At the southern end of Eridanus the bright blue star Achernar marks the end of the river. The name means “End of the River.” It’s one of the brightest stars in the whole sky and it’s also one of the hottest.


The Eridanus Supervoid is a large desolate area without much in the way of galaxies or any other points of interest. If you are crossing that area, take plenty of water, a sweater, and use the restroom before you leave. It’s about a billion light years across, making it the second biggest known void in the observable universe. It is also the region where a “cold spot” in the cosmic microwave background has led some bold and possibly insane cosmologists to suggest it could be the site of a quantum entanglement between our universe and another universe. Tempering this claim is the fact that some astronomers will say anything to make an impression on the first date.

The star Epsilon Eridani has a planet with a real name. In 2015 the International Astronomy Union, the same mischievous amalgam of malcontents that devalued properties on Pluto, officially chose the name Ægir, which had been proposed by a class of 8th graders at Mountainside Middle School in Colbert, Washington. The kids also supplied an improved name for the star, Rán. The names refer to a husband and wife team in Norse mythology. Rán is the goddess of the sea and Ægir is the god of the ocean. Hmmm… sea, ocean, I thought those were two names for the same thing, like car and automobile. But then what do I know, I drive a Fjord.

IC 2118 in Eridanus is called the Witch Head Nebula. It’s a worthy name. What we are seeing here is a supernova remnant, which is to say, star-kaboom leftovers. She has a lot of matted stardust in her hair, and freshly born t-tauri stars extruding from her nose. Her breath emits dangerous concentrations of carbon monoxide. She appears to be staring longingly at the Orion Nebula. Nothin’ says lovin’ like somethin’ from the coven.

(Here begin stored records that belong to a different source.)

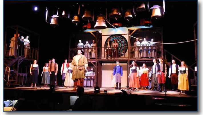
The High School Greenroom Players presented 'The Hunchback of Notre Dame' March 5-7.
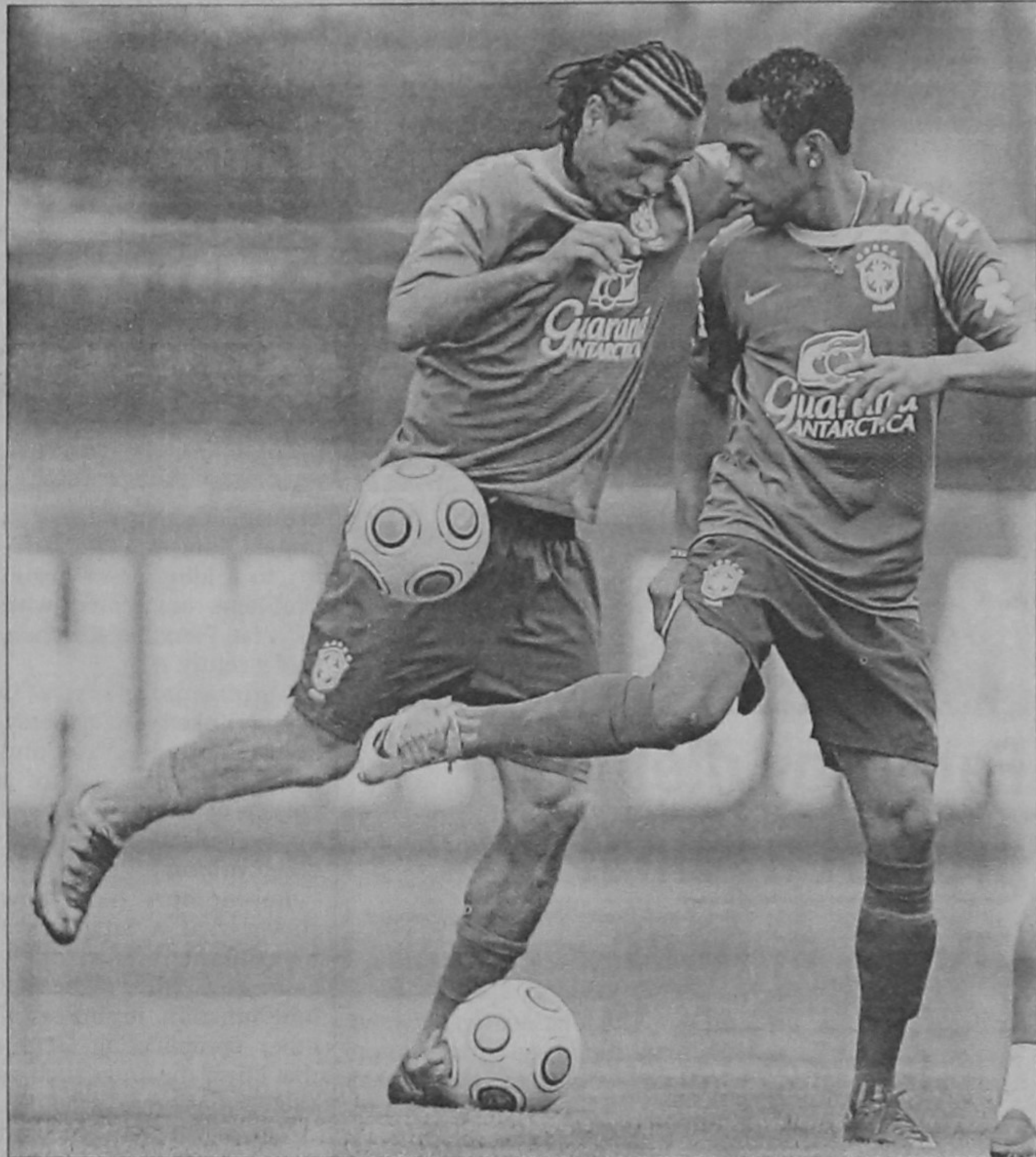
Brazil strikers Robinho (R) and Luis Fabiano practice during a training session in Teresopolis on Thursday.
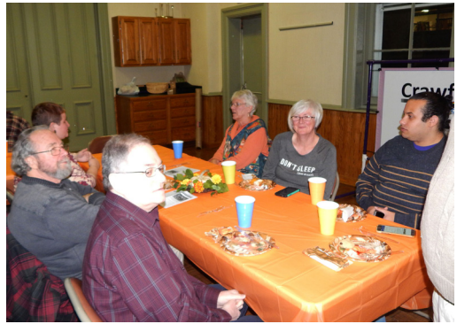
CRAWFORD AREA LGBT+ THANKSGIVING The Crawford Area LGBT+ group held a Thanksgiving potluck with members and supporters on Nov 14 at the Unitarian Universalist Church of Meadville.
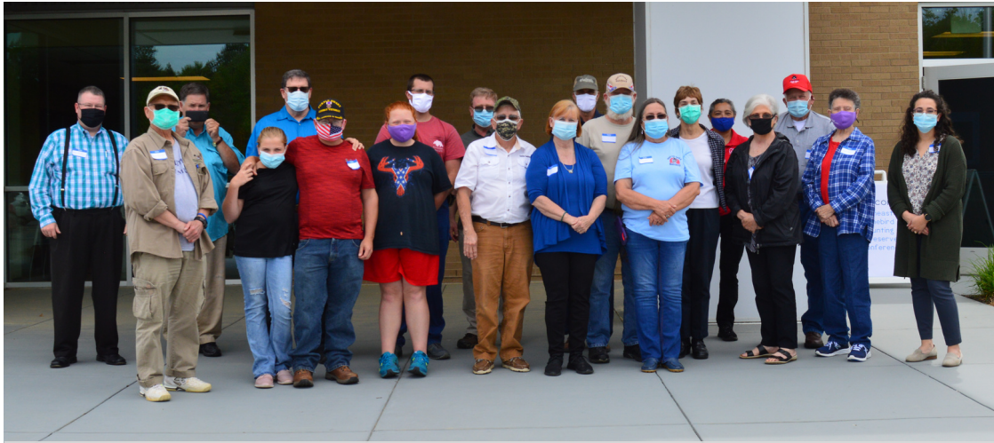
April 2021 brought together almost 30 individuals to meet for the Southeastern Gamebird Breeders & Hunting Preserve Conference.
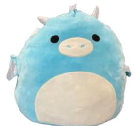
24 inch Dragon Squishmallow
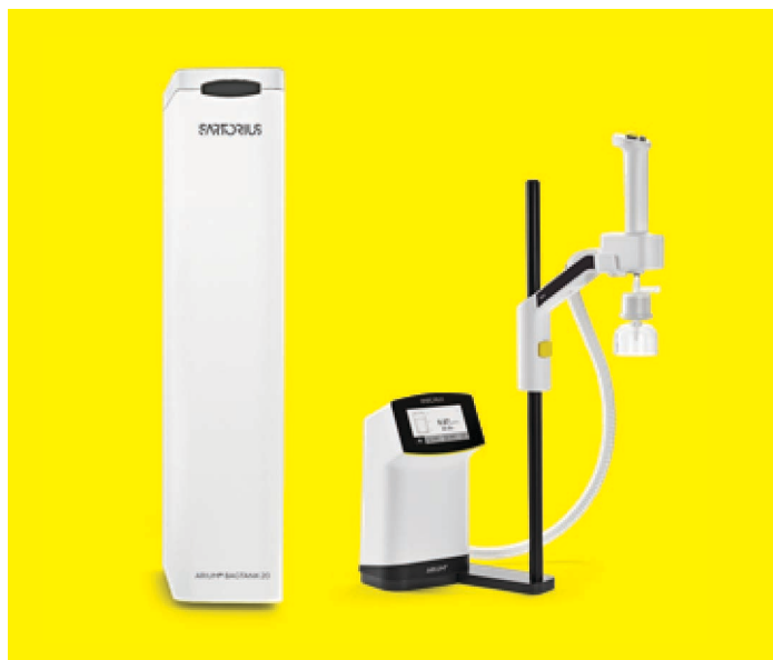
Supply pure water from Arium® Bagtank
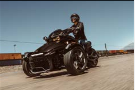
VSS Vehicle Stability System that uses a variety of technologies, including SCS / ABS / TCS, to monitor the vehicle and keep the rider confident on the road.

Spock’s home planet Vulcan is reportedly orbiting the star 40 Eridani A, or it will be at least until some point in the future when it gets destroyed thanks to some renegade Romulans. Cataclysmic events in your own time-line may vary. Vulcans periodically return home to mate, a ritual known as “Pon Farr” which it turns out is not as enjoyable as it sounds. Spock has to hook up with his childhood paramour or he will experience severe side-effects. Certain Vulcan organs will turn blue and I guess it’s quite painful.

Carpe Noctem. Oh, and um, Love Long and Perspire.